Sunday, February 27, 2011

Clearance

clearance, n

1. The action or process of removing or getting rid of something
2. Official authorization for something to proceed or take place.
3. Clear space allowed for a thing to move past or under another.

You probably think of clearance the way i used to, when I was told to turn off my personal device, or when I was installing some bookshelves. Or when a bookstore files for Capter 11.

Clearance has taken on much more importance for me since I joined the executive branch. It's the process for getting approval to release something in writing to the public: it could be a regulation, to be published in the Federal Register, explaining what we think Congress meant and how we're going to implement it, some sub-regulatory guidance explaining what we meant by the regulation, or it could be just a letter.

Clearance involves some list of people being given some amount of time to make comments on whatever I and my team have written. Some of the people on the list are up the chain of command, so that makes perfect sense. And the lawyers in the General Counsel's Office. And if it's a regulation, the Office of Management and Budget, part of the White House, that must approve all regulations.

Some of these reviewers are other people in the agency, some may be in other agencies. Many of them I've never heard of, and they've never heard of me; some likely know little to anything about the subject the're reviewing.

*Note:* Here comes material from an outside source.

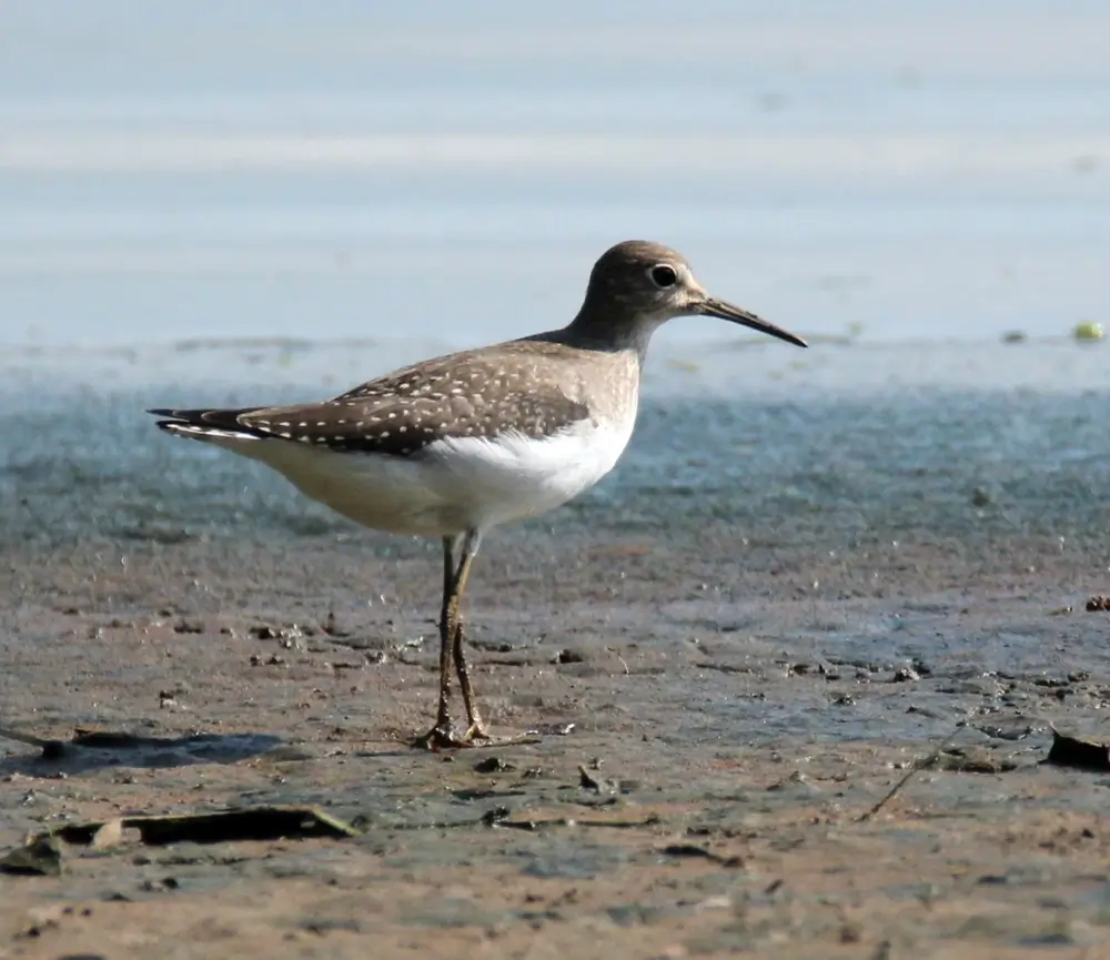 In the winter, the spotted sandpiper has a grayish-brown back and sides and a spotless white breast. Its bill is yellow with a black tip.
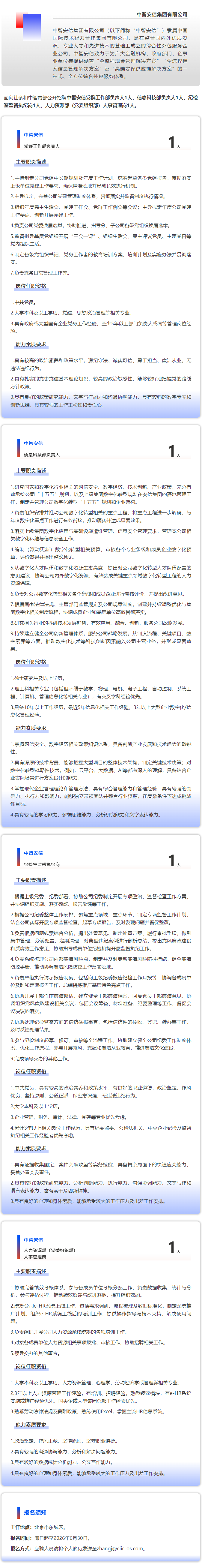 中智集团所属中智安信集团有限公司公开招聘 时间:2026-04-23 15:45 作者:吴老师 半月讲坛温馨提示:信息均转载自官方网站,仅供参考,不构成相关服务。其最终解释权归相关单位所有,如对信息有疑问,请直接与相关单位联系。转载目的在于信息传递,我司不承担此类稿件其他行为的连带责任,如有侵权或需删除请联系我们。因此带来的不便敬请谅解! (责任编辑:吴老师) 上一篇:航天科工集团数字技术有限公司部分岗位公开招聘启事 下一篇:北京大学先进制造与机器人学院招聘1名劳动合同制工作人员

It's easy to chalk this up just to bureaucracy, and it's also easy to chafe at the delay it causes. But I have come to appreciate the fact that something I do might have an unexpected impact on something that others in the Federal government are doing, and that of course I know nothing about. So we understand why the process is needed. And when we can, we plan our work with a timeline that takes account of the additional time that will be needed. And the system works pretty well. Which doesn't mean we can't grumble a bit now and then.